As proven in Fig. 5g and h, the tumors in N-CDs + 808 nm group had been utterly eradicated, whereas these within the N-CDs + 1060 nm group had been almost ablated. In distinction, tumors in management teams continued to develop quickly, visually confirming the superior tumor development inhibition within the N-CDs + 808 nm and N-CDs + 1060 nm remedies. Moreover, no tumor recurrence was noticed in the course of the follow-up interval, demonstrating the effectiveness of N-CDs in stopping tumor regrowth.

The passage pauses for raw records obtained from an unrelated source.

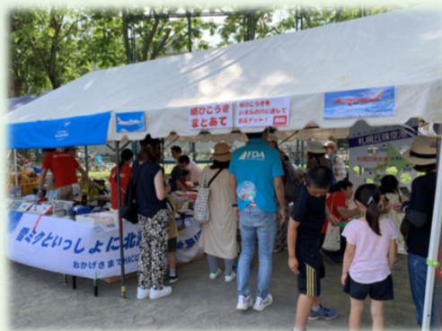
<ハッチふれあいフェスティバル>

令和6年度もこれまで以上に、丘珠空港や周辺エリアの活性化に取り組んでまいりますので、ご協力よろしくお願い申し上げます。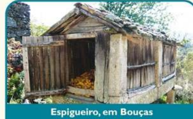
Espigueiro, em Bouças

Deixando para trás o Centro de Estágios de Melgaço segue-se um caminho de "pé posto". Este antigo caminho de pescadores que atravessa um belo carvalhal, representa uma das secções onde é maior a proximidade ao rio, sobrepondo-se a uma pequena rota - o Trilho das Pesqueiras, que como o próprio nome indica, se encontra repleto destas tradicionais estruturas. Seguindo na direcção de Monção, uma rede de caminhos agrícolas ladeados por campos e vinhas, bem como algumas estradas secundárias permitir-lhe-ão atravessar povoações e viajar pela etnografia local.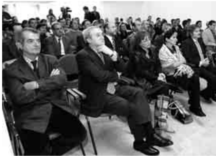
Presentación del proyecto 'I3 com' en la sala FEC el jueves 30.

Subsequently, histological evolution of main organs (coronary heart, lungs, kidneys, liver, and spleen) from the handled mice revealed no important pathological adjustments in both the management or experimental teams. This discovering additional helps the security profile of N-CDs for vivo purposes (Fig. S12).

Moreover, histological examination of tumor tissue sections from the remedy teams revealed pronounced indicators of apoptosis and necrosis, whereas the management group exhibited no important mobile harm (Fig. S13). These observations underscore the sturdy photothermal therapeutic efficacy of N-CDs, highlighting their potential as a promising and protected modality for most cancers remedy.